Solving (x-5)^2 = 16 - 4x A Step-by-Step Guide
In the realm of mathematics, solving equations is a fundamental skill. This article delves into the process of finding the roots of a specific equation: extbf{(x-5)^2 = 16 - 4x}. We will explore the steps involved in solving this equation, providing a clear and comprehensive guide for readers. Understanding how to solve such equations is crucial for various mathematical applications and problem-solving scenarios. This detailed exploration will not only provide the solution but also enhance your understanding of algebraic manipulations and equation-solving techniques.

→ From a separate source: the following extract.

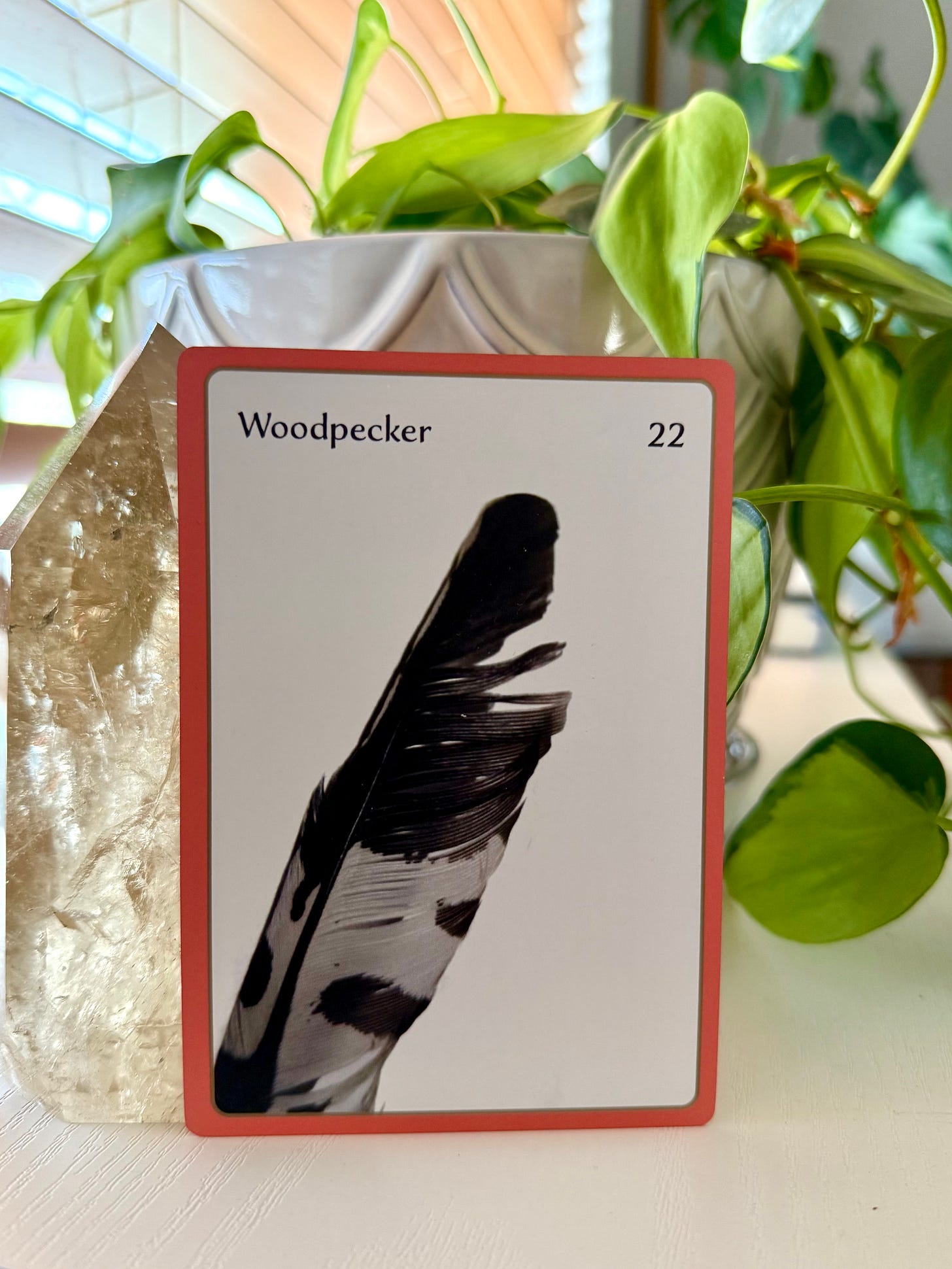 What kind of stone was the middle card? It was fitting, given my dissertation work and my favorite number is 2, the card is 22, and yes, I have been hearing a woodpecker outside my house for the last month. Dedication and persistence in deed to reach the finish line. It resonated very well, thank you.

Understanding the Equation
Our journey begins with a clear understanding of the equation at hand. The equation extbf{(x-5)^2 = 16 - 4x} is a quadratic equation disguised in a slightly different form. To effectively solve it, we need to transform it into the standard quadratic form, which is ax^2 + bx + c = 0. This form allows us to easily identify the coefficients and apply various methods, such as factoring, completing the square, or using the quadratic formula, to find the roots. The roots of an equation are the values of the variable (in this case, x) that make the equation true. Identifying these roots is the ultimate goal of our problem-solving process.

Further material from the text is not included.